As FPGAs (Field-Programmable Gate Arrays) continue to increase in transistor density, de-signers are using them to build larger and more complex systems-on-chip that require frequent sharing, communication, queueing, and synchronization among distributed functional units and compute nodes—for example, applications that include multiple FIFO buffers for moving data between clock domains. These mechanisms are often best implemented with multi-ported memories—memories that allow multiple reads and writes to occur simultaneously—since they can avoid serialization and contention.

As another example, processors normally require a multi-ported register file, where more register file ports allows the processor to exploit a greater amount of instruction-level parallelism (ILP) where multiple instructions are being executed at the same time. However, FPGA-based soft processors have so far exploited little ILP, limited mainly to simple instruction pipelines. This is partly due to the fact that multi-ported memories (register files, in this case) are particularly inefficient to implement on FPGAs.

#### 2.0 Literature Review

The register file is an expensive component in the design of any processor, especially, when considering the additional ports that are needed to support multiple data paths within a wide-issue

VLIW processor[5]. In a recent work, these additional resources were used to dynamically reconfigure the register file to support a dynamically reconfigurable VLIW core. The design can be perceived as a single 8-issue, two 4-issue, or four 2issue VLIW cores. Consequently, the multi-ported design can operate in different modes, namely as one, two, or four register files, respectively, corresponding to the active number of cores. The implementation of the register file design on FPGAs using Block RAMs still results in unused resources due to the coarseness of the Block RAMs.

Existing implementation methods[6,7] of multi-port register files (MPo-RF) in FPGAs are not scalable enough to deal with the increased number of

\*Corresponding Author: Department of Electronics and Communication Engineering, Gnanamani College of Technology, Tamil Nadu, India (E-mail: riyaarunriya@gmail.com)
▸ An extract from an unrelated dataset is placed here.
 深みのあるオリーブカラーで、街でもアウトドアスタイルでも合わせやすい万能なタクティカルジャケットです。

<sup>\*\*</sup>Department of Electronics and Communication Engineering, Gnanamani College of Technology, Tamil Nadu, India

ports due to higher logic area and power. While the usage of dedicated block RAMs (BRAMs) limits the designer to use only single read and single write port, slice based approach causes large resource occupation and degrades design performance significantly. Similarly, the conventional multi-pumping (MPu) approaches are not efficient enough due to increased combinational delay and area of huge multiplexers. In this paper, we propose a new design which exploits the banking and replication of BRAMs with efficient shift register based multi-pumping (SR-MPu) approach.
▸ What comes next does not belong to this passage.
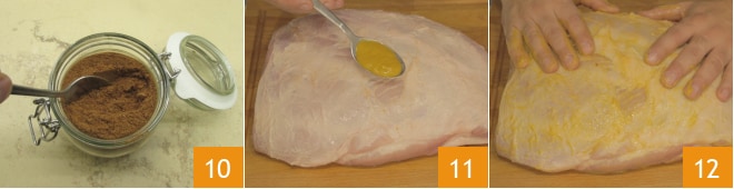 Mischen Sie alle Gewürze gut, um eine homogene Mischung zu erhalten 10; wenn nötig, können Sie sie auch sieben. Nehmen Sie jetzt die Schweineschulter, geben Sie den Senf 11 dazu und verteilen Sie ihn mit den Händen gleichmäßig auf der gesamten Oberfläche, sowohl oben als auch unten, um eine dünne Schicht zu erzeugen 12.

## 3.0 LVT-Based Multi-Ported Memories

The new approach to implement multi-ported memories on FPGAs that can exploit the strengths of all three conventional techniques for adding ports. Their approach comprises banks of replicated block RAMs, where a mechanism of indirection steers reads to read from the bank holding the most-recent value for a given location.

Multi pumping is orthogonal to our approach, and can be applied to reduce the area of a memory in cases where a slower operating frequency can be tolerated, as we demonstrate later . They name our indirection mechanism the Live Value Table (LVT), since it tracks which bank contains the "live" or most-recently updated value for each memory location.

A new design for true multi-ported memories that capitalizes on FPGA block RAMs while providing (i) substantially better area scaling than a pure logic-based approach, and (ii) higher frequencies than the multi pumping approach. The key to our approach is a form of indirection through a structure called the Live Value Table (LVT), which is itself a small multi-ported memory implemented in reconfigurable logic similar to Figure 1.1.

Essentially, the LVT allows a banked design to behave like a true multi-ported design by directing reads to appropriate banks based on which bank holds the most recent or "live" write value.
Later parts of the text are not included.